Playing the room
Happy New Year! This week I’ll be talking about some of my favourite examples of sound installations.
I first encountered this medium directly in the summer of 2014 during the Reverb festival, curated by Imogen Heap for the Roundhouse in Camden, London. In the deep dark tunnels of the Hub of the building was the Helmholtz Exhibit, a sight by which I was totally captivated. Named after the physicist famous for his research on visual and sonic perception, the exhibit has been described as a “space where sound is visible”, combining art, science and music to explore how sound travels around us.
Conceived by duo Wintour’s Leap, the project is a highly interactive installation piece made up of thousands of suspended LED lights with microphones on them, circuited so that each individual light is highly responsive to noise. Though the bulbs respond to any sound, the directors of the project discovered early on that Helmholtz is at its most beautiful when music is played within it. Punters of the festival were encouraged to not be merely spectators, but to bring an instrument, their voice, or anything else that made a noise, in order that they would be able to experiment with the installation for themselves.
You can find a video of Guitar and Harp duo, Sam Brookes and Olivia Jageurs, on the project’s old Kickstarter page here.
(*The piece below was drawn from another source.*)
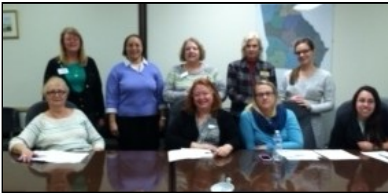
Northeast GA CARE-NET held their quarterly meeting

I adore traditional concert music; so far in my career, it’s what I know best and there are reasons why certain customs have stayed prevalent for centuries now. There is a certain set of expectations, even in the contemporary music world still, that include the separation boundary between audience and performance space, the notion of a set piece of music that is performed and followed by applause, the assumption that an audience should be still, silent observers rather than active participants, and so forth. I find projects such as Helmholtz that challenge these ideas immensely exciting.
I am most moved by the immersive nature of an installation piece, how that often it draws me away from the parameters of pitch and rhythm to which I’ve grown so accustomed to favouring, that it can be something to walk away from and revisit of my own accord, that talking about the experience at the time rather than waiting until afterwards is seemingly encouraged, and that it almost always relies on a certain level of interaction between the audio and the visual.
A great illustrator for that last point is the audio-visual brainchild of musician David McFarlane. With a particular interest in innovative ways to create music using technology, David built the Rain Box, a pleasingly beautiful object that makes a sound any time a drop of rain hits its surface. Seen in action here, albeit through a makeshift method, we can hear that when water hits the box, it plays a bell sound along with a recording of someone saying their name. Devised as part of the Manchester International Festival last year, this idea has resulted in a piece that is collaborative (the voice recordings were all emailed to David in response to a call-out), charmingly aleatoric, and something that has the power to unfold before us, that can be left to its own devices, producing sound with very minimal human intervention.
An artist also working at the forefront of this field is Ryoko Akama. Her work “engages with mundane objects and invisible energies such as magnetism and gravity, employing small and fragile objects such as paper balloons and glass bottles in order to create tiny aural and visual occurrences that embody ‘almost nothing’ aesthetics” (from her website biography). These delicate acoustic collages that she creates enlists the listener to detect the fragile subtleties and tiny sonic changes within the work, with the positioned objects collaborating and intermingling as a whole as well as independently and concurrently. One of my favourite works of hers that I recently discovered, Failed Experiments, you can delve into here (there are videos if you scroll down!).
I love how she, and many installation musicians, explore how to toy with an audience’s perception, occasionally keeping the source of a noise under wraps and ensuring that there is sonic information coming from all directions, resulting in an all-encompassing three-dimensional experience. Again, the inextricable links between the audio and visual information are something that I am fascinated by and hope to explore in future compositional projects!